IDÉIAS EM REDE / IDEAS EN RED

Desastres ambientais, vulnerabilidade social e pobreza
Selene Herculano[1]
Rio de Janeiro - Brasil

Foto Rodolpho Oliva
La problemática ambiental encontró espacio permanente en los medios de comunicación, pero presentada en forma genérica, como si afectase a todos con la misma intensidad y de la misma forma. Si esta percepción es verdadera a largo plazo, a corto y medio plazo la degradación ambiental afecta a los más pobres y socialmente vulnerables, como es el caso de los llamados refugiados ambientales, víctimas de desastres naturales que ya alcanzan más de 40 millones de personas en el mundo y que acaban cayendo en estado de miserabilidad.

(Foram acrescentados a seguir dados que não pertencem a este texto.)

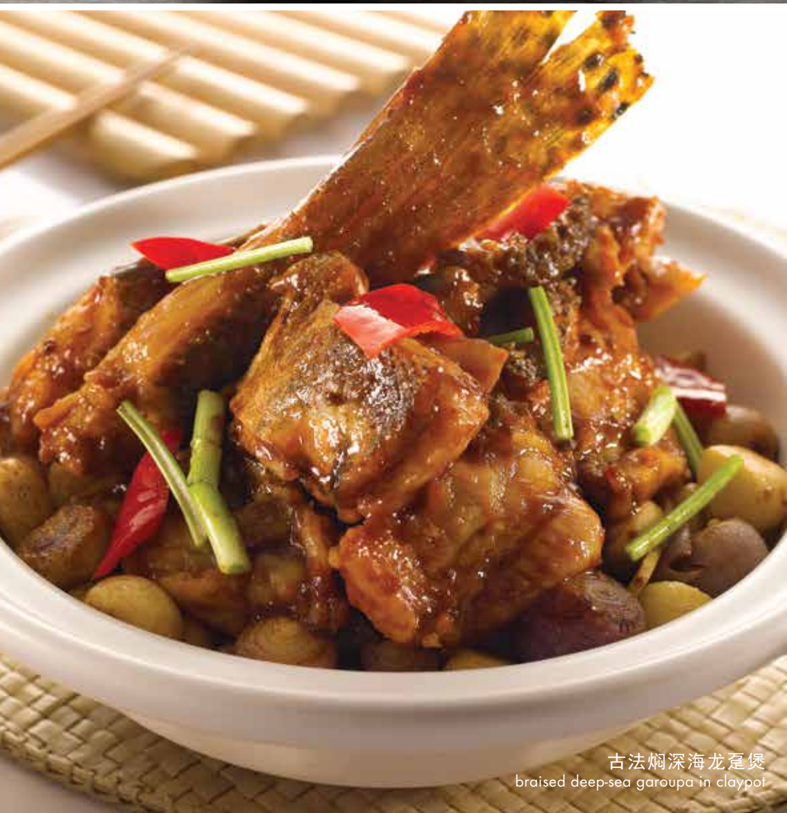
古法焖深海龙趸煲 braised deep-sea garoupa in claypot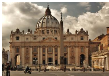
[ Left : St. Peter Basilica, Vatican City;

In the name of the Father, and of the Son, and of the Holy Spirit. Amen.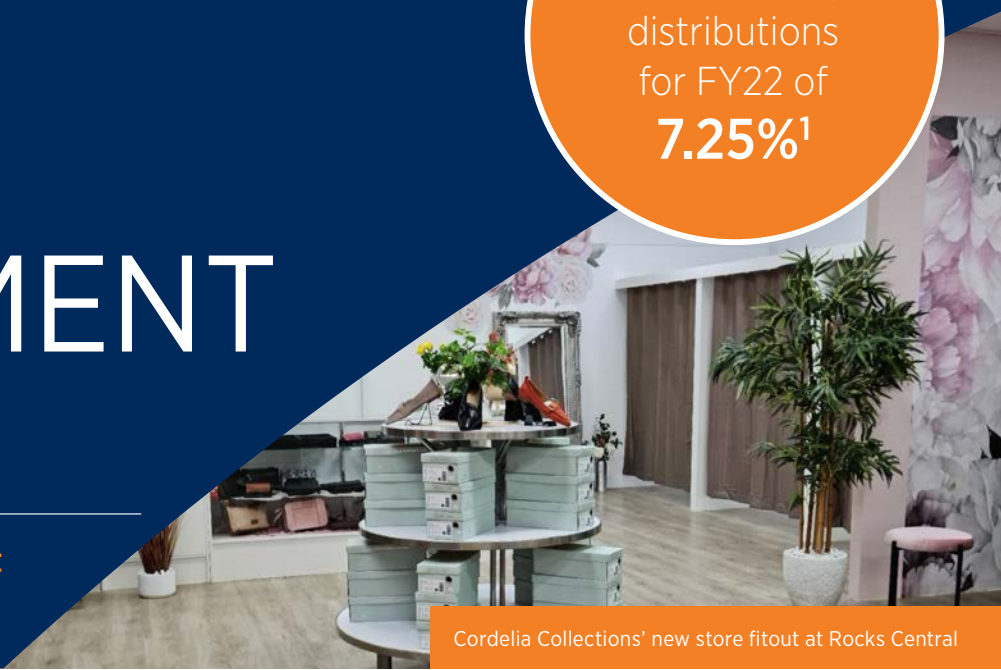
Cordelia Collections' new store fitout at Rocks Central

We are pleased to provide you with an update to the Product Disclosure Statement (PDS) of the MPG Retail Brands Property Trust (ARSN 122 578 741) (Trust) dated 1 October 2007. This Investment Update is issued by MPG Funds Management Ltd (MPG or RE) (AFSL 227114, ACN 102 843 809) in its capacity as Responsible Entity for the Trust and should be read in conjunction with the PDS.

Los gobiernos crean medidas que pretenden controlar la calidad ambiental, acompañar los accidentes ambientales, etc, pero no llegan a ser eficaces porque no se articulan con políticas habitacionales y urbanas, con políticas de responsabilidad social y ambiental de empresas y con una política de gestión colectiva y participativa local.


Já há alguns anos a temática ambiental encontrou seu espaço permanente na mídia e se institucionalizou através de legislação e da criação de organismos oficiais em todos os níveis da esfera estatal; em programas educacionais e de pesquisas; em inúmeras associações civis de diferentes perfis (movimentos e associações ambientalistas, comissões empresariais, ONGs de assessoria à organização popular, pastorais eclesiásticas, grupos religiosos, associações de bairro, etc.). Temas como o aquecimento do planeta pelo efeito estufa, as alterações climáticas, a extinção de espécies, os processos de desertificação, as diversas formas de poluição ambiental aérea, das águas e do solo, a elevação dos mares são de ampla veiculação e entendimento. Entretanto, se existe a divulgação desse temário, ele é apresentado de forma genérica, como se afetasse a todos com a mesma intensidade e de forma igual. Embora a longo prazo isso seja verdade, a curto e médio prazo a degradação ambiental afeta os mais pobres e socialmente vulneráveis. E talvez seu enfrentamento continue sendo negligenciado porque os danos ambientais e seus custos em doenças, mortes e baixa qualidade de vida são empurrados para os mais vulneráveis, os pobres, os socialmente invisíveis.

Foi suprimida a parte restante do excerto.